Finally unable to hold back her own exasperation any longer, the woman called out, "Everything's unravelling here!"
The green-eyed man was immediately by her side and roughly grabbed her face. Even though he was only a few inches taller than her, he shoved her face upwards by the chin and dragged it violently closer to him. "No, it's not", he sneered.
"It's not?", the older man cut in disbelievingly, stopping hard in his pacing tracks, "First she doesn't die and now she's back with the livin'. I thought the whole point was to off that fucking bitch?"
The blue-eyed man shook his head. "Now, now. Just because she is standing in our way, does not make her a woman of easy virtue."
"Don't you dare patronize me", the older man spit out, tossing the cigar from his mouth, "This is your job. Your part gone awry."
"I know", the blue-eyed man stated evenly, uncrossing his arms, "And I will deal with it."
The green-eyed man let go of the woman's face, disregarding the bruises his fingers had left along her jawline. She pressed a hand to her mouth so as to stifle the whimpers that threatened to escape her throat. The man turned towards the other two. "How?", he inquired.
"There is still a chance. In the end", the blue-eyed man assessed plainly.

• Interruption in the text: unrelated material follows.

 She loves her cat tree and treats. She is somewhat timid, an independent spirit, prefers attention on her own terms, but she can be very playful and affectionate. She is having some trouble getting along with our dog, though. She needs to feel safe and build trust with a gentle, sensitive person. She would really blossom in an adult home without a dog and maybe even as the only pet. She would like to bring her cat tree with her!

His green eyes widening in realization, the shorter of the two cautioned, "That is, if everything else goes according to plan."
"Will it not?"
"God damnit!", the oldest of the group cried out menacingly, "Listen to yourselves! We spent years planning this fucking stunt and now it's all going to hell in a hand basket!" Neither man flinched at his outburst, only a vague moan could be heard resounding in the wilting structures from where the woman was standing and watching.
"Plans have flaws."
"Yeah, where's your flexibility, Sarge?", the green-eyed man quipped, a cunning smile on his face.

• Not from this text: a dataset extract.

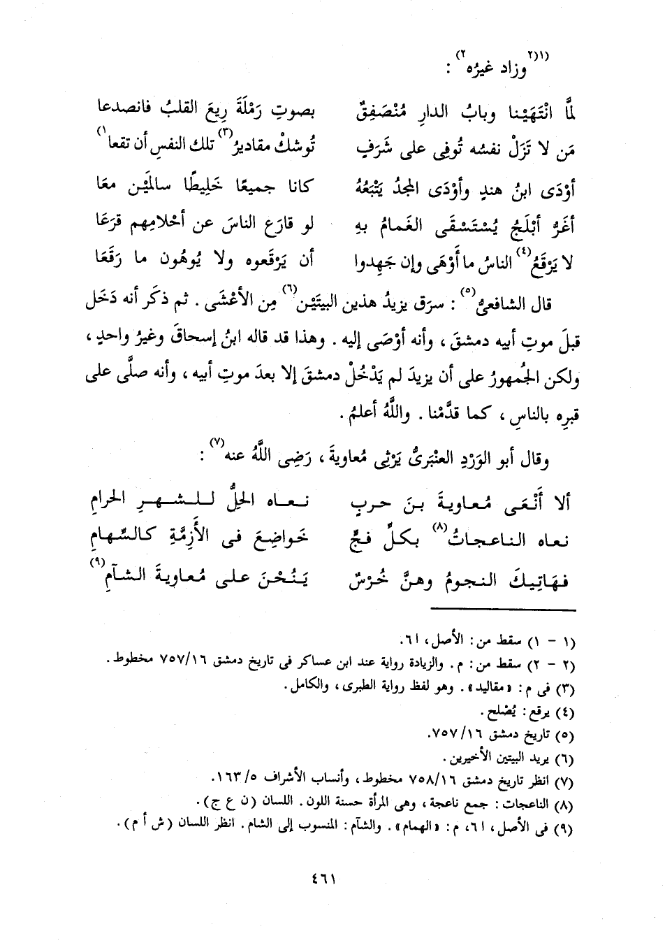 فَهَاتِيكَ النُّجُومُ وَهُنَّ خُرْسٌ ... يَنُحْنَ عَلَى مُعَاوِيَةَ الشَّآمِ

"Lying in the Iraqi desert with the rest of 'em", he growled, smacking his lips against the butt of his cigar.
"I think it best we lay low for some time, await their next moves."
"Why?", the woman asked quietly.
"Because there are two possible alternatives right now: Either they get on to us...or they don't. And if they do, we got to move fast."
"Can't we just make sure they don't?", the older one retorted.
"Not anymore."
"Never planned on it."
"So what?"
The blue-eyed man's face stayed as unperturbed as ever. His dark hair was merging seamlessly with his black jacket within the darkness. His low, guttural voice almost echoed from the midst of it. "Plans have flaws...and backups."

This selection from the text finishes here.